My first dramatic realization of such cultured disregard and cultured ignor-ance of the science of deserts came while my wife Ruth and I lived on the open desert in southern California during the summer of 1961. I was researching how animals lived in this dry, hot, and thirsty land, on a study site situated on a nearly barren alluvial fan at the mouth of Deep Canyon—a gorge whose dry river bed originated in the San Jacinto Mountains to the south. Nearly every day during those three months of summer I walked my study site, signaling to Ruth under a nearby canopy the location of individually-marked Desert Iguanas canopy at the edge of this site, as she and I entered notes on their location and behavior. Three times every hour I would walk another 15-minute round, rest for 5, continuing this during the course of the day and drinking about a liter of water an hour.1

One day I drove a few miles west of my research site to an area of blowing sand where desert dunes were being leveled by men in bulldozers.
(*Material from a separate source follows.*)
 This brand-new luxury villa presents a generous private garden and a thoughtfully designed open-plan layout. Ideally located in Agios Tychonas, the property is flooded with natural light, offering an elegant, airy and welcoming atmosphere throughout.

The dunes were being flattened, sprinkled from water trucks, and covered with poured concrete slabs upon which houses were being built. One end of a just-completed ranch-style house had been undercut by desert winds, had cracked in the middle, and now hung into a wind-scoured hole. Incoming residents seemingly overlooked this event, even as they complained to me that Riverside County plows came too infrequently to push drifting sand off their paved streets. Rainfall that year was two and 54/100 inches; the regional water table was dropping 1 foot per year. Surface temperatures exceeded 150 degees F nearly every day during July and August on my research site.
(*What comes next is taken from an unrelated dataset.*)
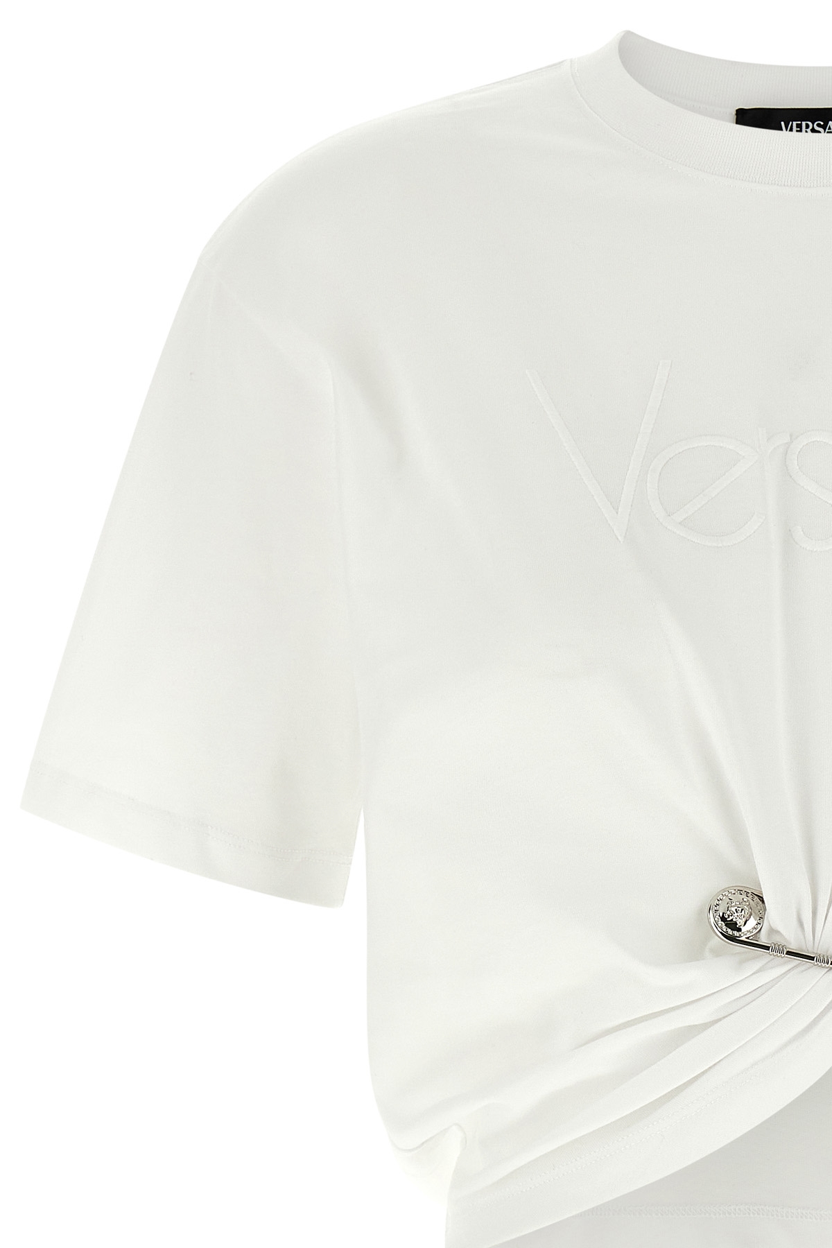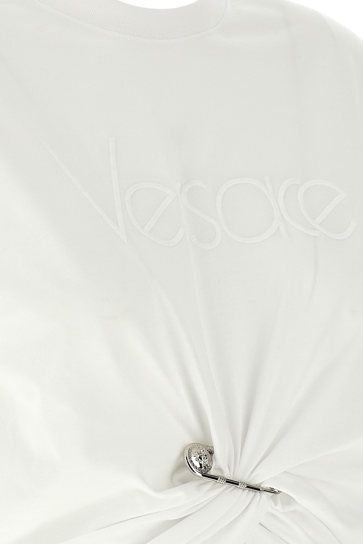 Cotton T-shirt with tone-on-tone embroidered logo on the front, crew neck, 'Safety pin' curling and short sleeves.

Life magazine pictured these newly-built homes in the Palm Desert dunes on the cover of their March 23, 1962 issue, announcing, “A New Vista in the American West: OPENING UP THE DESERT FOR LIVING.” Reading the article again in 2016, I found it saying of its new human residents, “Their continuing enthusiasm is a distinct triumph for advanced air conditioning and the positive thinking of real estate developers, whose missionary bullishness, more than any other single factor, has been changing the face of the desert.” And then, “In a moment of uncommon candor, one of these salesmen recently looked out over a bleak track and mused: ‘There’s no real reason for anyone to be here — and they wouldn’t be if we weren’t bringing them in, selling them, convincing them it has a great future.’ ”2

More recently, similar disregard and cultured ignor-ance of science is being illustrated by events in the coastal Bald Cypress – Tupelo swamps of Louisiana. The science of wetland systems describes well their vital role in the coastal landscape, demonstrating clearly how their component cypress trees with widely buttressed trunks, intermeshing matrix of tough root systems with their protruding cypress knees, and flexible branches and crowns absorb furious energy of hurricane winds, and hold the landscape in place to the benefit of other creatures, inland landscapes, and human settlements. Yet, cypress trees are being cut and ground up as mulch to beautify gardens and landscapes in Florida and to the northern states. Their wonderfully marvelous services to Louisiana life and landscapes are eschewed by their destroyers, and ongoing destruction continues while protective coastal wetlands convert to marshland which is washed to the sea. Highly integrative wetland science is robustly published by scores of scientists at Louisiana University, scientists at Southeastern Louisiana University, and across the U.S., and yet cypress trees and their remarkable ecosystem services are sacrificed to powerful wood-chippers at great profit and tremendous loss.34

Science asks the question, “How does the world work?” Seeking the answer to this question is not only important but critical for wise habitation and use of the land. But as these two examples show, it is not enough to know. While it is vitally necessary, science is not at all sufficient. Science must be accompanied by ethics. Ethics asks the question “What is right?” Seeking the answer to this second question, interactively with the first, is critical to becoming earth wise.5

Thoughtful people—and that should mean everyone—soon find both science and ethics vitally necessary. Yet these are insufficient without corresponding praxis. Praxis asks the question, “What then must we do?” Understood as including study and development of practice, praxis must result in doing what must be done—now, and into the future with resolve and diligence.6 And such practice ranges from practical action to wisely deciding to “let it be.”7 This relationship can be pictured as a triangle we can call the science-ethics-praxis triad:8

                        Science: How does the world work?

triangle

        Ethics: What is right?                                                                                                                     Praxis: What then must we do?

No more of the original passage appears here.